How can I express $\frac{dy}{dx}$ if I make the change of variable $x-1 = t$? If $y$ is a function of x and I make the change of variable $x-1=t$. Now what would $\frac{dy}{dx}$ equal in terms of $\frac{dy}{dt}$.
 A: I am writing this answer in a slightly different notation. Although this notation may look cumbersome at the first sight but after a while you will appreciate it as this is really the true way. Use the chain rule.

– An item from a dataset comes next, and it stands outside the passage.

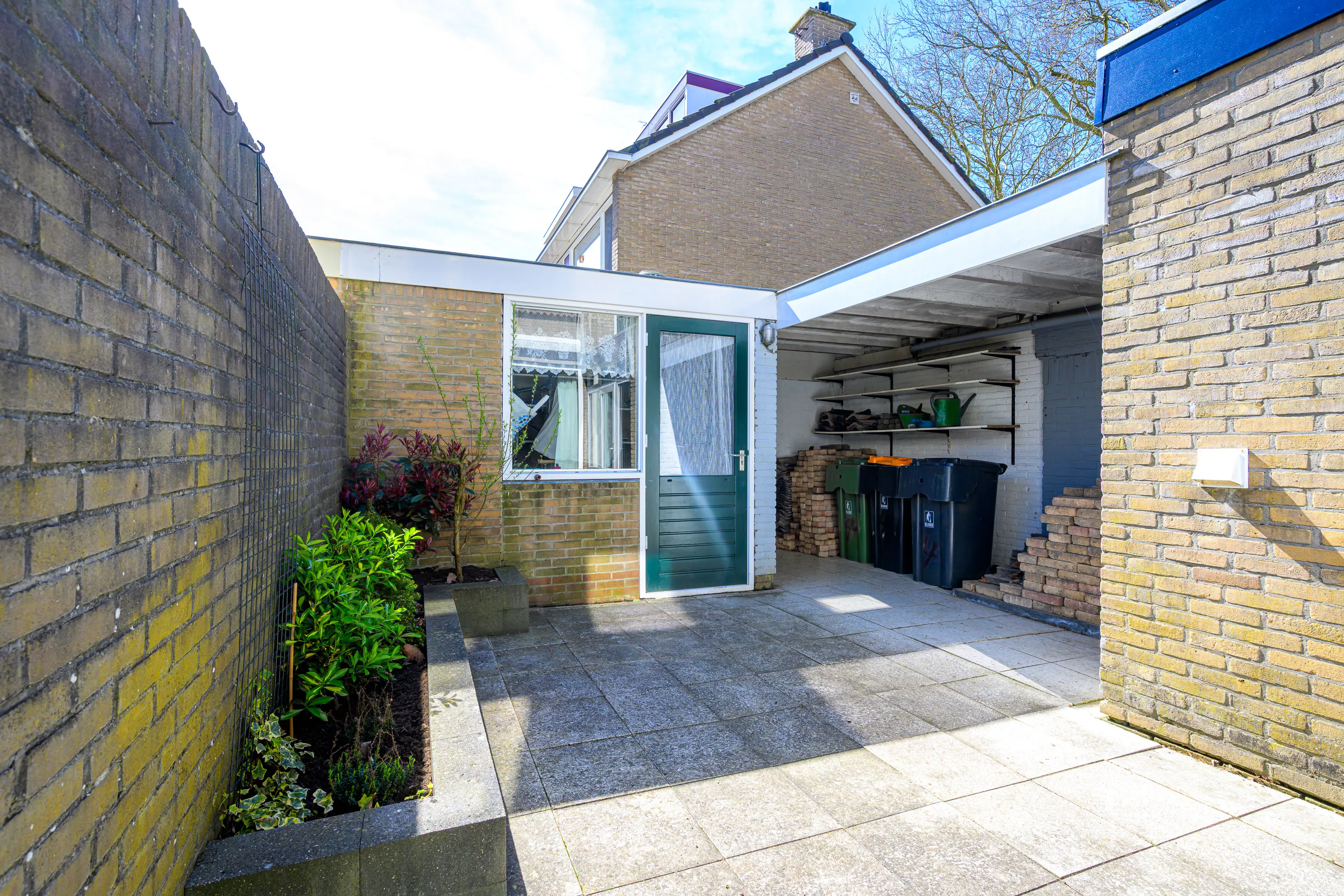 De achtertuin is gelegen op het zuiden en dat is een garantie voor veel zonuren. De tuin is voorzien van sierbestrating een verhoogde plantenborder en een overkapping. De tuin is via een achterom bereikbaar en de stenen berging maakt het plaatje compleet. Gewoon een lekkere tuin dus! De voortuin is netjes en voorzien van siergrind en een groene haag.

$$D\Big[f \circ g\Big]=\Big[Df\circ g\Big] \cdot Dg \tag{1}$$
In your example
\begin{align*}
g:&\mathbb{R}\to\mathbb{R} \\
&\verb!#! \to \verb!#!+1
\tag{2}
\end{align*}
and so the derivative of $g$ will be
\begin{align*}
Dg:&\mathbb{R}\to\mathbb{R} \\
&\verb!#! \to 1
\tag{3}
\end{align*}
evaluating the functional equation $(1)$ at a point $x$, we obtain
\begin{align*}
D\Big[f \circ g\Big](x) &= \Big[Df\circ g\Big](x) \cdot Dg(x) \\
&= \Big[Df\circ g\Big](x) \cdot 1 \\
&= \Big[Df\circ g\Big](x)
\tag{4}
\end{align*}
so the final result is that
$$D\Big[f \circ g\Big]=Df\circ g \tag{5}$$

The final result in the other two answers is $\frac{dy}{dx}=\frac{dy}{dt}$. The method that these answers follow is the common way that is usually taught in a calculus course. However, I believe that such a notation is totally misleading as  it does not make any difference between functions and their inputs and outputs! Also, the compositions are not expressed precisely.

A: As $x - 1= t$, hence $\frac{dt}{dx} = 1$
$$\frac{dy}{dx} = \frac{dy}{dt} \cdot \frac{dt}{dx} = \frac{dy}{dt} \cdot (1)$$
So you get $\frac{dy}{dx} = \frac{dy}{dt}$.
A: As: $x-1=t$ then $x(t)=t+1$ so $\frac{dx}{dt}=1$
Now: $$y(x(t))'=\frac{dy}{dt}=\frac{dy}{dx}\frac{dx}{dt}=\frac{dy}{dx}\times1=\frac{dy}{dx}$$
Therefore: $$\frac{dy}{dx}=\frac{dy}{dt}$$